Exhaustive generation for permutations avoiding a (colored) regular sets of patterns
Phan Thuan Do, Thi Thu Huong Tran, Vincent Vajnovszki

TL;DR
This paper introduces a general framework for exhaustively generating permutations that avoid certain regular and colored regular patterns, expanding the toolkit for pattern-avoiding permutation classes with efficient algorithms.
Contribution
It defines regular and colored regular pattern sets, proves their regularity, and develops succession-function-based algorithms for their exhaustive generation.
Findings
Algorithms for generating pattern-avoiding permutations are derived.
Several classes have counting sequences like Pell, Fibonacci, and Catalan.
The framework encompasses classes with variable length forbidden patterns.
Abstract
Despite the fact that the field of pattern avoiding permutations has been skyrocketing over the last two decades, there are very few exhaustive generating algorithms for such classes of permutations.

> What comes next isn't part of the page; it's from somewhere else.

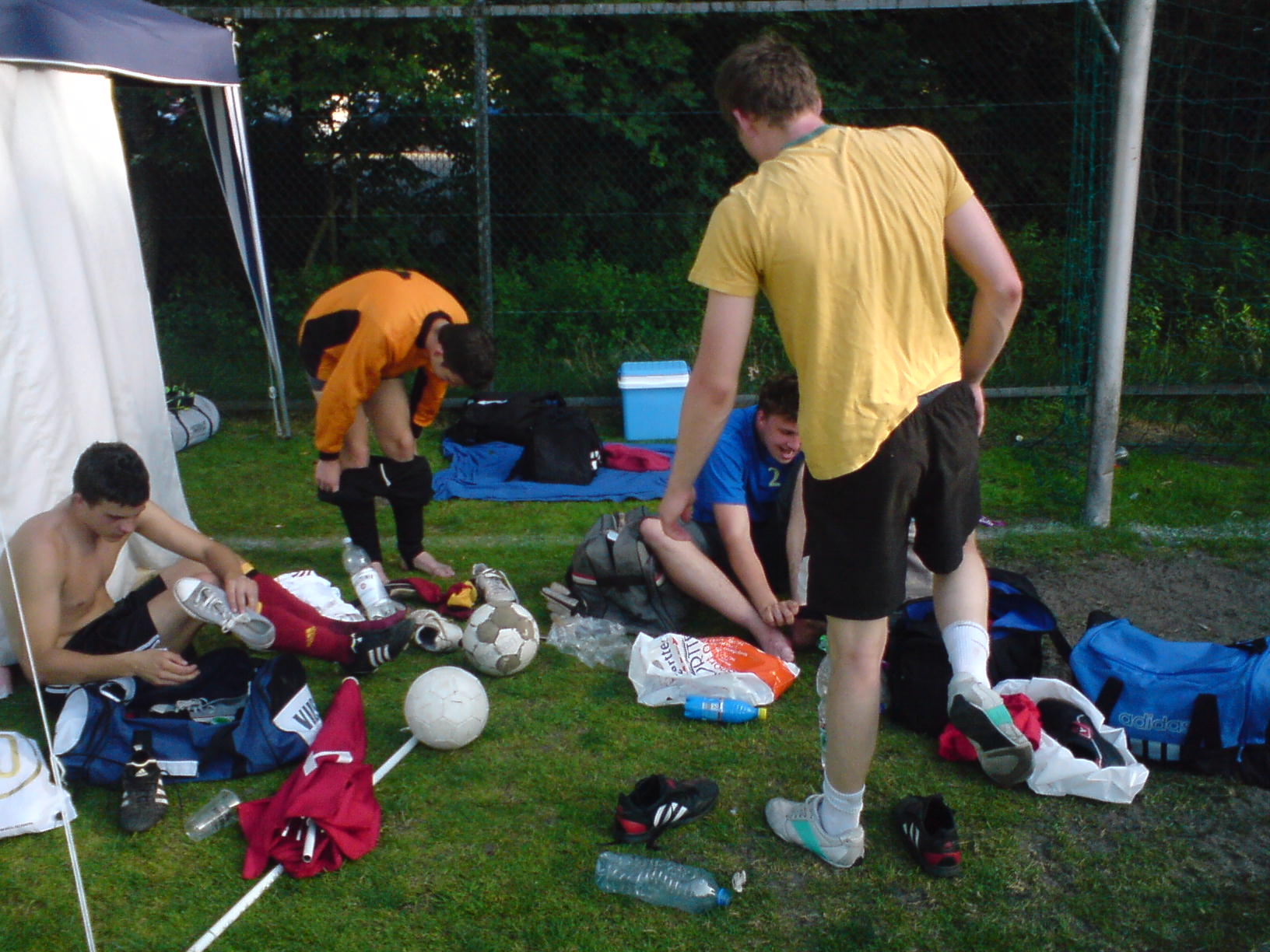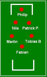 Einzelkritik: Tor: Philip Idzikowski: Guter und sicherer Rückhalt. Mit nur einem Gegentor aus dem Spiel heraus, kann man nicht besser machen. Im Achtelfinale zum Held, durch den gehaltenen entscheidenden Elfmeter, geworden. Abwehr: Patrick Prager: Sicherer Verteidiger, hat keinen Gegner vorbei gelassen. Gute Kondition. Aber Elfmeterschießen sollte er kräftig üben! Nur 1 von 3 Tore vom Punkt. Abwehr: Nils Hartfelder: Sicherer Verteidiger, ist immer dazwischen gegangen, ab und zu zuviel Abstand zum Gegenspieler. Sicher den Elfmeter verwandelt. Mittelfeld: Martin Bochinski: Die Offensivkraft auf dem Feld. Viele Impulse nach Vorn, des öfteren gut durchgesetzt und den Sturm in Position gebracht. Zudem mit einem wichtigen Tor aus dem Spiel heraus und 2 von 3 Elfmetertreffern. Mittelfeld: Tobias Bartels: Guter Flügelspieler mit viel Laufeinsatz und dem ersten Tor des Turniers. Sturm: Fabian Müller: Viele Torchancen aber leider wenig Tore. Wer allein vorm leeren Tor das Ding nicht rein macht sollte sich nicht Stürmer nennen. Etwas Konditionsschwach. Ein hervorragender Elfmeterschütze mit 3 von 3 sicher verwandelten Schüssen. | |||||||||||||||||||||||||||||||||||||||||||||||||||||||||||||||||||||||||||||||||||

In this paper we introduce the notions of regular and colored regular set of forbidden patterns, which are particular cases of right-justified sets of forbidden patterns. We show the (colored) regularity of several sets of forbidden patterns (some of them involving variable length patterns) and we derive a general framework for the efficient generation of permutations avoiding them. The obtained generating algorithms are based on succession functions, a notion which is a byproduct of the ECO method introduced in the context of enumeration and random generation of combinatorial objects by Barcucci et al. in 1999, and developed later by Bacchelli et al. in 2004, for instance. For some classes…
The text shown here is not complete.